To help illustrate what this looked like in practice, researchers generated a figure illustrating New Mexico teachers’ VAM ratings from year one (2013–2014) to year three (2015–2016) to illustrate how teachers’ value-added scores fluctuated over time. Evidenced in Fig. 2 are the percentages of teachers who got a given rating in 1 year (i.e., illustrated on the left) and the same teachers’ subsequent ratings 2 years later (i.e., illustrated on the right).
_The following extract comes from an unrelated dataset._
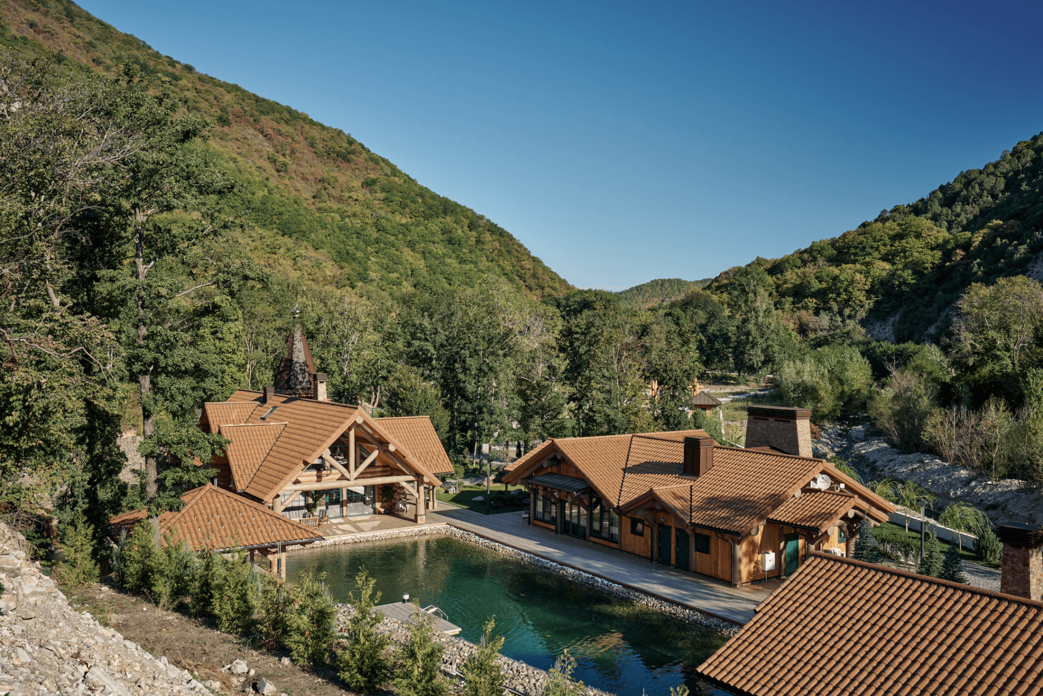 Красивое сочетание дерева и камня в отделке, деликатная подсветка в парной, мебель из массива дерева во всех строениях, мягкие диваны и кресла — все сделано в природных оттенках и как будто стало продолжением внешних пейзажей.

Visible in Fig. 2 is that 43.1% of teachers who scored in the top quintile as per their VAM ratings in 2013–2014 remained in the same quintile (e.g., highly effective) 2 years later (2015–2016); 24.0% of these same teachers dropped one quintile (e.g., from highly effective to effective); 14.4% dropped two quintiles (e.g., from highly effective to average); 10.9% dropped three quintiles (e.g., from highly effective to ineffective); and 7.5% dropped four quintiles (e.g., from highly ineffective to highly ineffective). Inversely, 17.71% of teachers who scored in the bottom quintile as per their VAM ratings in 2013–2014 remained in the same quintile 2 years later (e.g., highly ineffective); 19.5% of these same teachers moved up by one quintile (e.g., from highly ineffective to ineffective); 19.9% moved up by two quintiles (e.g., from highly ineffective to average); 21.0% moved up by three quintiles (e.g., from highly ineffective to effective); and 17.7% moved up by four quintiles (e.g., from highly ineffective to highly effective). See also all other permutations illustrated.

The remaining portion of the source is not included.